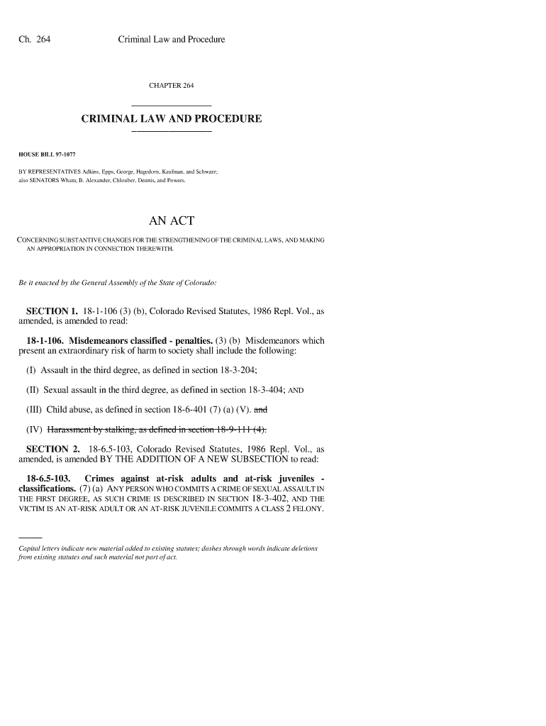 An act concerning substantive changes for the strengthening of the criminal laws, including definitions and penalties for various crimes, particularly relating to at-risk adults and juveniles.
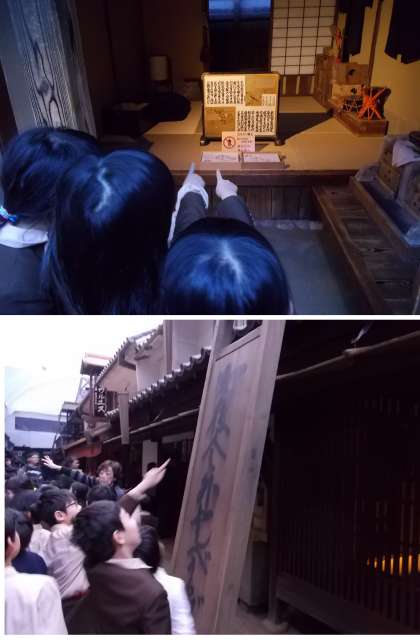 3年生が「大阪くらしの今昔館」へ社会見学に行きました。見学を通して、江戸時代の建物や薬屋、呉服屋、風呂屋などのお店の様子、食事の様子、家の中の様子などについて
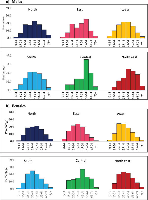 Supplementary Figure 2. Region-wise thyroid cancer from HBCRs in India: age-distribution by gender a) Males b) Females.
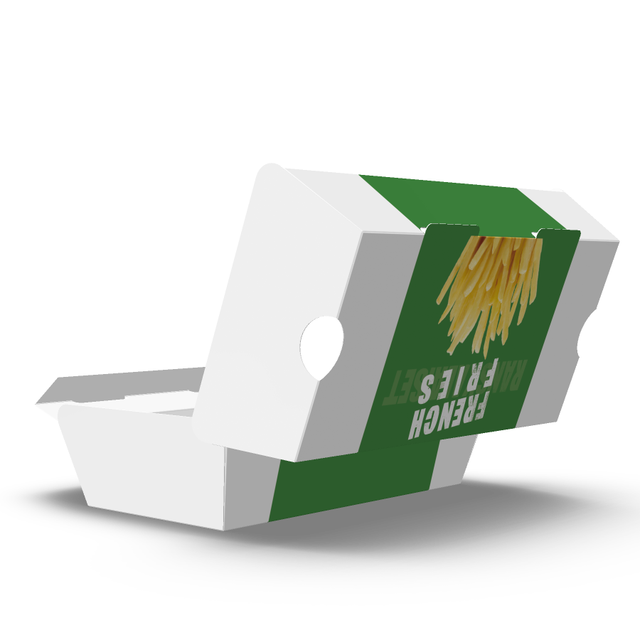 جعبه سیب صدفی یکی از بستهبندیهای زیبا، کاربردی و بهداشتی است که بهطور ویژه برای سرو و حمل سیبزمینی سرخکرده، پیشغذاها و اسنکهای فستفودی طراحی شده است. این جعبه با طراحی خاص صدفی شکل، نهتنها ظاهری جذاب و متمایز دارد، بلکه کاربری آسان و تجربه مصرف لذتبخشی را نیز فراهم میکند.
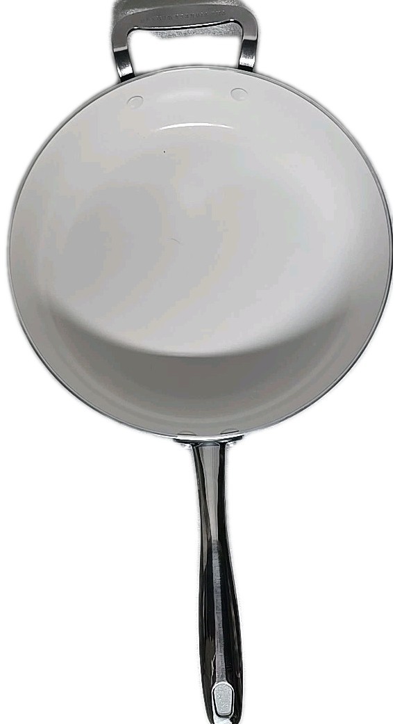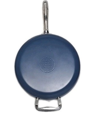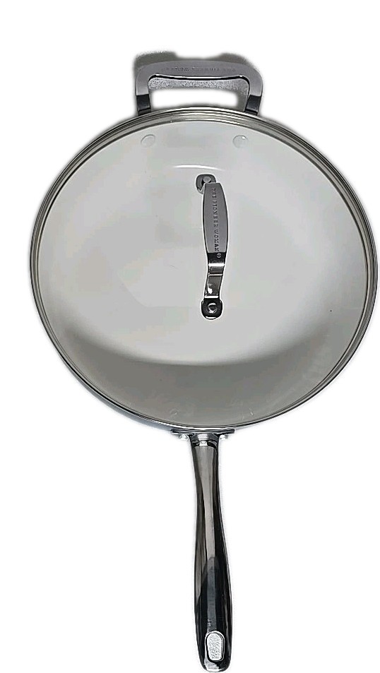Pan measures approximately 12" diameter x 21.75" wide (including handles) x 2.75" tall (not including lid)
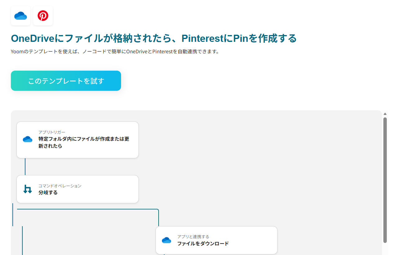 YoomにはOneDriveとPinterestを連携するためのテンプレートが用意されているので、今すぐ試したい方は以下よりバナーをクリックしてスタートしましょう!
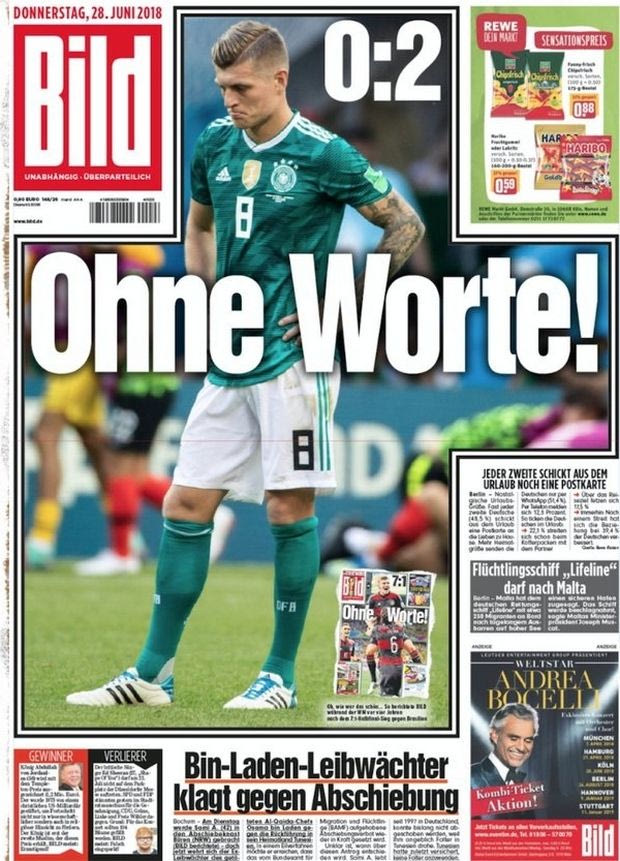 “Χωρίς Λόγια” . Με αυτόν τον τίτλο κυκλοφόρησε η “Bild”, η οποία έχει φόντο τον Τόνι Κρόος με θλιμμένο ύφος και σκυμμένο το κεφάλι, μην μπορώντας να πιστέψει τι έχει συμβεί. Kάτω δεξιά υπάρχει το πρωτοσέλιδο που είχε βγει μετά τον αλησμόνητο θρίαμβο με 7-1 επί της Βραζιλίας. Αν προσέξετε καλά θα παρατηρήσετε ότι έχουν τον ίδιο τίτλο: “Ohne Worte” .
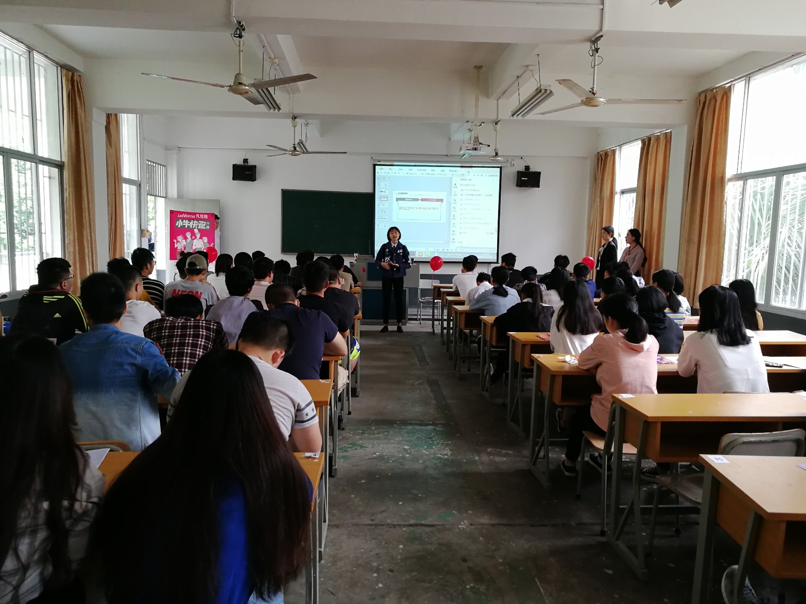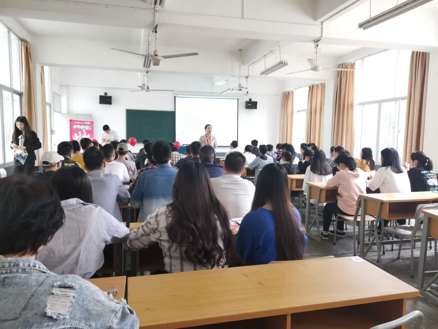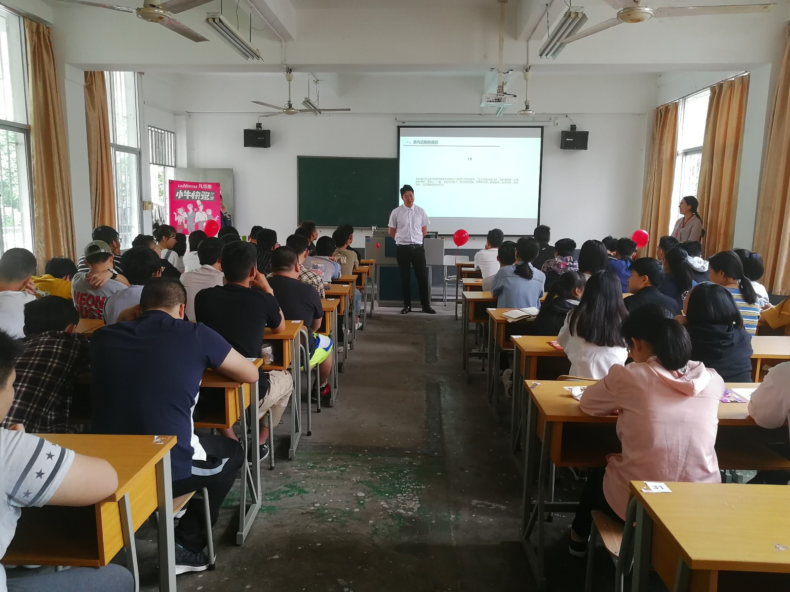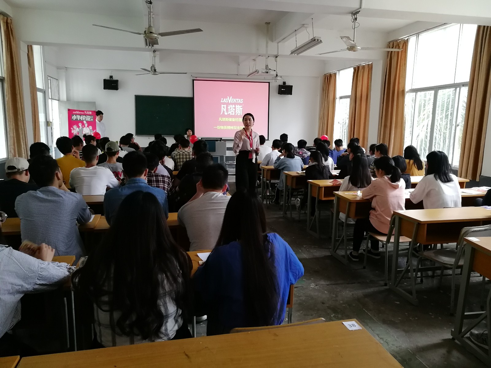本次宣讲会在207多媒体教室进行,何经理通过一段视频介绍了凡塔斯公司的企业概况及企业文化等内容;随后,何经理带领现场所有同学做了一份性格测试,测试结束之后,何经理给同学们分析了测评结果,接着,根据测评结果,何经理给出了相应的岗位需求以及发展路径规划等供同学们了解。最后,分别来自15级、16级的卢祺和蒋培培同学给在场的同学分享他们在凡塔斯的工作和实习经历,同时回答了学弟学妹们的提问。
───
→ Goal of the exercise: Your reply should restate the data above word for word and contain no pictures.

→ Response:
 An act concerning substantive changes for the strengthening of the criminal laws, including definitions and penalties for various crimes, particularly relating to at-risk adults and juveniles.
 3年生が「大阪くらしの今昔館」へ社会見学に行きました。見学を通して、江戸時代の建物や薬屋、呉服屋、風呂屋などのお店の様子、食事の様子、家の中の様子などについて
 Supplementary Figure 2. Region-wise thyroid cancer from HBCRs in India: age-distribution by gender a) Males b) Females.
 جعبه سیب صدفی یکی از بستهبندیهای زیبا، کاربردی و بهداشتی است که بهطور ویژه برای سرو و حمل سیبزمینی سرخکرده، پیشغذاها و اسنکهای فستفودی طراحی شده است. این جعبه با طراحی خاص صدفی شکل، نهتنها ظاهری جذاب و متمایز دارد، بلکه کاربری آسان و تجربه مصرف لذتبخشی را نیز فراهم میکند.
Pan measures approximately 12" diameter x 21.75" wide (including handles) x 2.75" tall (not including lid)
 YoomにはOneDriveとPinterestを連携するためのテンプレートが用意されているので、今すぐ試したい方は以下よりバナーをクリックしてスタートしましょう!
 “Χωρίς Λόγια” . Με αυτόν τον τίτλο κυκλοφόρησε η “Bild”, η οποία έχει φόντο τον Τόνι Κρόος με θλιμμένο ύφος και σκυμμένο το κεφάλι, μην μπορώντας να πιστέψει τι έχει συμβεί. Kάτω δεξιά υπάρχει το πρωτοσέλιδο που είχε βγει μετά τον αλησμόνητο θρίαμβο με 7-1 επί της Βραζιλίας. Αν προσέξετε καλά θα παρατηρήσετε ότι έχουν τον ίδιο τίτλο: “Ohne Worte” .
本次宣讲会在207多媒体教室进行,何经理通过一段视频介绍了凡塔斯公司的企业概况及企业文化等内容;随后,何经理带领现场所有同学做了一份性格测试,测试结束之后,何经理给同学们分析了测评结果,接着,根据测评结果,何经理给出了相应的岗位需求以及发展路径规划等供同学们了解。最后,分别来自15级、16级的卢祺和蒋培培同学给在场的同学分享他们在凡塔斯的工作和实习经历,同时回答了学弟学妹们的提问。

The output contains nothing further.